Les aseguro que sudé a mares aquella mañana de nuestra entrevista con el primer banco y que, para ser sincero, estuve a punto de escabullirme de primera línea antes de que dieran la orden de cargar. De no ser por aquellos dos jóvenes rostros expectantes que me esperaban fuera del banco, juro que habría renunciado a toda la campaña.

Bien, a pesar de mis temores, salimos del banco menos de una hora después, habiendo lanzado con gran éxito nuestro primer ataque. Puedo decir, con toda sinceridad, que no bajé la guardia. No es que pensara mucho en Hadlow, que me pareció de lo más extravagante, pero tampoco podría describir a los «Buffs» como una tropa de primera clase. Para más inri, el muy maldito no les había visto ni por el forro, lo cual siempre define a un sujeto, en mi opinión.

Desde aquel momento decidí vigilar de cerca las actividades de Trumper, e insistí en encontrarles semanalmente en el piso para estar al día de lo que ocurría. Hasta me sentí con ánimos para aconsejarles o alentarles de vez en cuando. A nadie le gusta cobrar por no hacer nada.
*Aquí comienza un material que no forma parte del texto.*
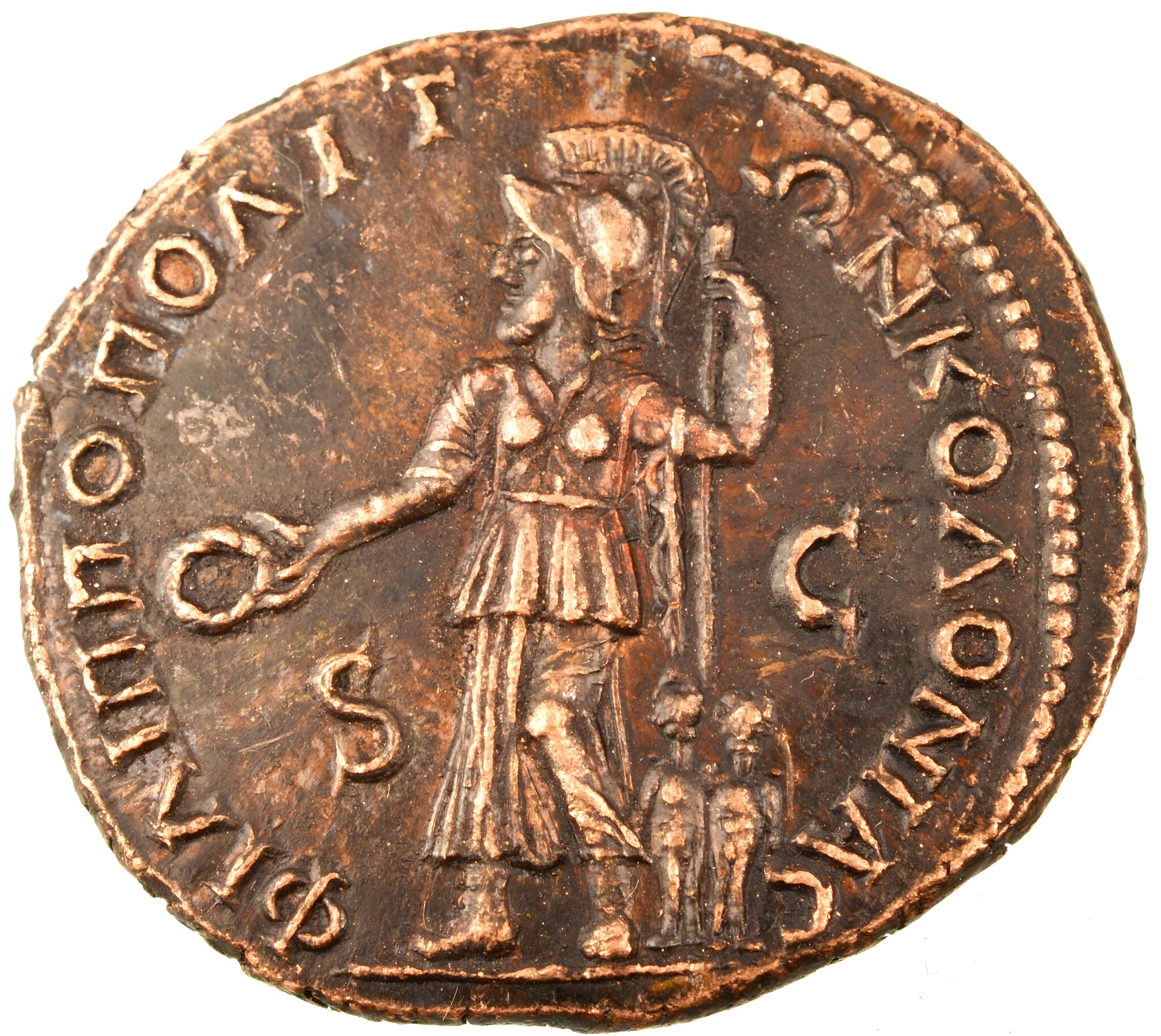 Rev.: ΦIΛIΠΠOΠΛIT-ΩN KOΛΩNIAC, Roma or Allat standing left, holding patera in extended right hand and spear in left; shield at her side, S C across field.

Ya desde el principio, todo parecía ir como una seda. De hecho, el balance trimestral fue impresionante. A finales de mayo de 1920, Trumper solicitó una entrevista en privado. Sabía que le había echado el ojo a otro establecimiento de Chelsea Terrace, y supuse que quería comentar el asunto conmigo.
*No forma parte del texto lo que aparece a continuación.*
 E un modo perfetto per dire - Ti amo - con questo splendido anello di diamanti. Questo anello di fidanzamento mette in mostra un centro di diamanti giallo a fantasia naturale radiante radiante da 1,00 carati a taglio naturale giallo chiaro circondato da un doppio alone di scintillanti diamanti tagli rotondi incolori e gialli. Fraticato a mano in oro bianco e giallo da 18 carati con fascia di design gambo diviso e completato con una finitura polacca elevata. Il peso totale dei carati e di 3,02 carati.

Accedí a visitar a Trumper en su piso, pues nunca parecía estar cómodo cuando le invitaba a mi club o a Tregunter Road. Cuando llegué aquella noche le encontré muy alterado, y di por sentado que alguno de nuestros tres establecimientos le causaba preocupaciones, pero él me aseguró que ése no era el caso.
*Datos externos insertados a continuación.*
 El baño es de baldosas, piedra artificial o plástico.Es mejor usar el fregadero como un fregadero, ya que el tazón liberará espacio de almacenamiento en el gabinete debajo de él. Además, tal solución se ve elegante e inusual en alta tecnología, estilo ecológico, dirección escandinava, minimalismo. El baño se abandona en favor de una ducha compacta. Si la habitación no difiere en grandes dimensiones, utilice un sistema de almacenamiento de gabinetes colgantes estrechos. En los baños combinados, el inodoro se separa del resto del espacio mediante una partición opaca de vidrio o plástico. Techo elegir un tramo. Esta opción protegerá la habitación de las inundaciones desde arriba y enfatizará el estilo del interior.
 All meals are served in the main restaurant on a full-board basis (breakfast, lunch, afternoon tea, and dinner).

– Bien, adelante con ello, Trumper -dije.

– Para ser sincero, señor, me resulta un poco violento -contestó, de modo que me callé, confiando en que así se tranquilizaría y soltaría lo que llevaba dentro.

– Se trata de Becky, señor -dijo con brusquedad.

– Excelente muchacha.

– Sí, señor, estoy de acuerdo, pero me temo que está embarazada.

Confieso que la propia Becky me había dado la noticia unos días antes, pero yo le prometí no decir nada a nadie, incluyendo a Charlie. Fingí sorprenderme. Aunque soy consciente de que los tiempos han cambiado, sabía que Becky había sido educada con rectitud y que, en cualquier caso, nunca me había parecido esa clase de chica.